- Directed by: Steven Paul Contreras
- Written by: Steven Paul Contreras
- Produced by: Steven Paul Contreras
- Starring: Eric C. Bushman Denise Mora Hector Yanez
- Cinematography: Steven Paul Contreras
- Edited by: Antonio Lopez, Jr.
- Music by: Darrell Devaurs
- Distributed by: Cinema Home Video
- Release date: May 2, 1989;
- Running time: 83 minutes
- Country: United States
- Language: English

= Beasties (film) =

1989 American film

Beasties (originally entitled Bionaut) is a 1989 American horror film, written, produced and directed by Steven Paul Contreras.

==Title allusions==
The term "Beasties" is never used in the film, and is clearly designed to invoke Gremlins (which the box cites along with Back to the Future as influences), although the creatures are not the main focus of the film.

==Plot==
The film depicts an alien invasion, with extraterrestrial crafts landing on an area with many amorous teens.

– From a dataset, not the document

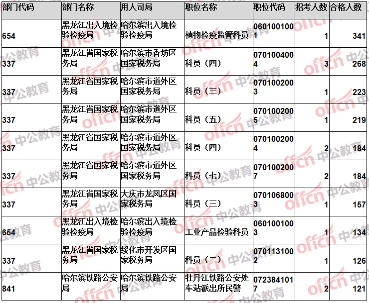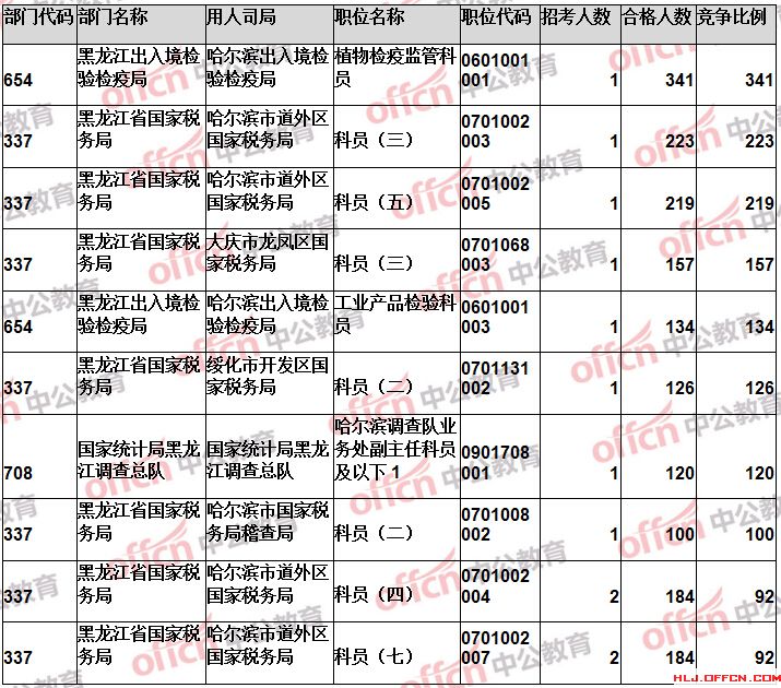 報名通過審核人數前十的職位主要集中在黑龍江省國家稅務局、黑龍江出入境檢驗檢疫局、哈爾濱鐵路公安局等部門,具體信息如下:

The plot deals with "Bionaut" (living) vessels, which have traveled back in time and have released small reconnaissance creatures that become violent when they get too far away from the Bionaut.

==Release==
The film was bought by David DeCoteau and 200 VHS copies were distributed in 1991.
There were only 200 copies sold, before it was withdrawn for poor sales.